RECORDS SHOWN Block Start
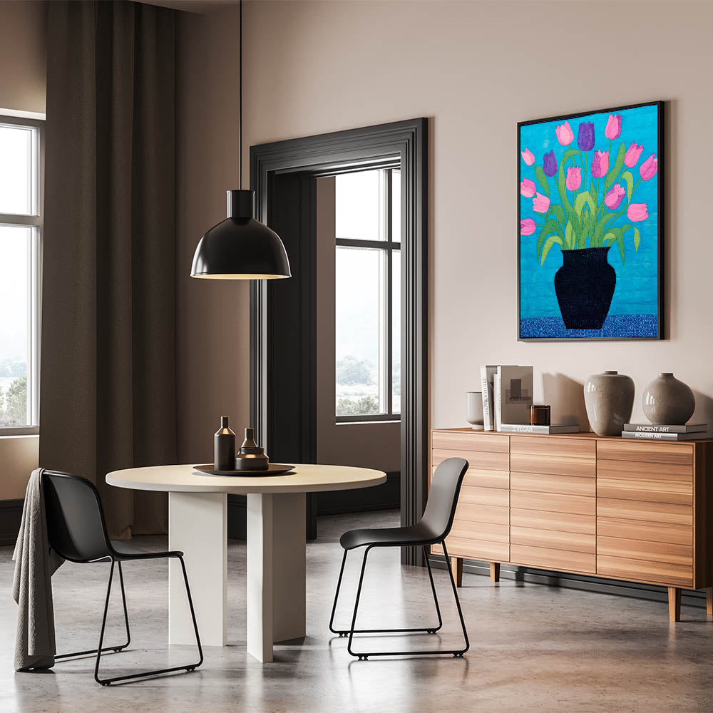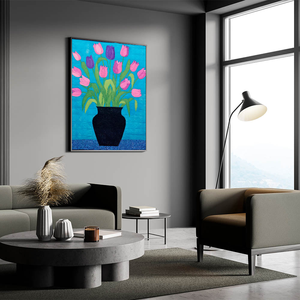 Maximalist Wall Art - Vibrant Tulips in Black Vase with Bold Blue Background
RECORDS SHOWN Block End
RECORDS SHOWN Block Start
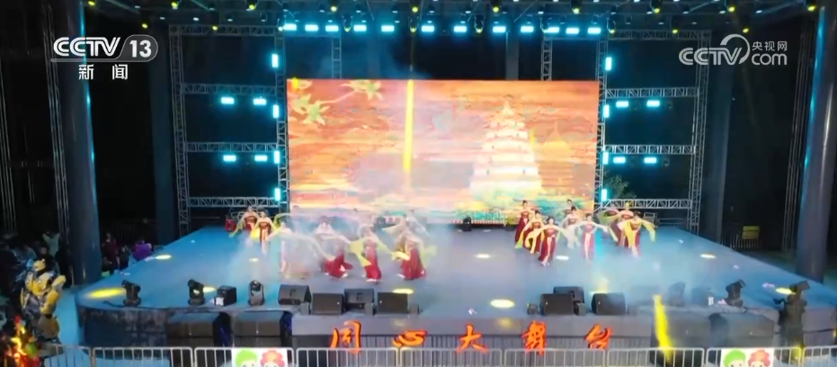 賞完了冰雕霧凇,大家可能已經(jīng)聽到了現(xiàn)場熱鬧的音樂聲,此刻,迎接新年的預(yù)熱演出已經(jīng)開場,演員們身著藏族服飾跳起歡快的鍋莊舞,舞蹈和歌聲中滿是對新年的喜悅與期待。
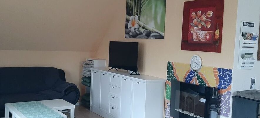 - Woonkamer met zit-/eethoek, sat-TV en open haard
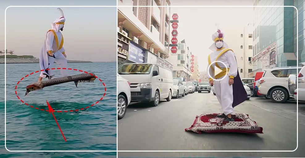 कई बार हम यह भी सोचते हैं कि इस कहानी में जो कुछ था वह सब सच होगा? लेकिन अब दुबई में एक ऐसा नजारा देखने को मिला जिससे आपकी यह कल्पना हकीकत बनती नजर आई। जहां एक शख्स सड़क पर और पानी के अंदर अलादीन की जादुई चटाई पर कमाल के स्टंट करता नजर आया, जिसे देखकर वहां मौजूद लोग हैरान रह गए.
RECORDS SHOWN Block End
● TASK OBJECTIVE
Leaving each picture behind, please give again exactly the lines above from the one with "賞完了冰雕霧凇,大家可能已經" through the one with "कई बार हम यह", both included, and no others.

● RESULT FOR THIS TASK
 賞完了冰雕霧凇,大家可能已經(jīng)聽到了現(xiàn)場熱鬧的音樂聲,此刻,迎接新年的預(yù)熱演出已經(jīng)開場,演員們身著藏族服飾跳起歡快的鍋莊舞,舞蹈和歌聲中滿是對新年的喜悅與期待。
 - Woonkamer met zit-/eethoek, sat-TV en open haard
 कई बार हम यह भी सोचते हैं कि इस कहानी में जो कुछ था वह सब सच होगा? लेकिन अब दुबई में एक ऐसा नजारा देखने को मिला जिससे आपकी यह कल्पना हकीकत बनती नजर आई। जहां एक शख्स सड़क पर और पानी के अंदर अलादीन की जादुई चटाई पर कमाल के स्टंट करता नजर आया, जिसे देखकर वहां मौजूद लोग हैरान रह गए.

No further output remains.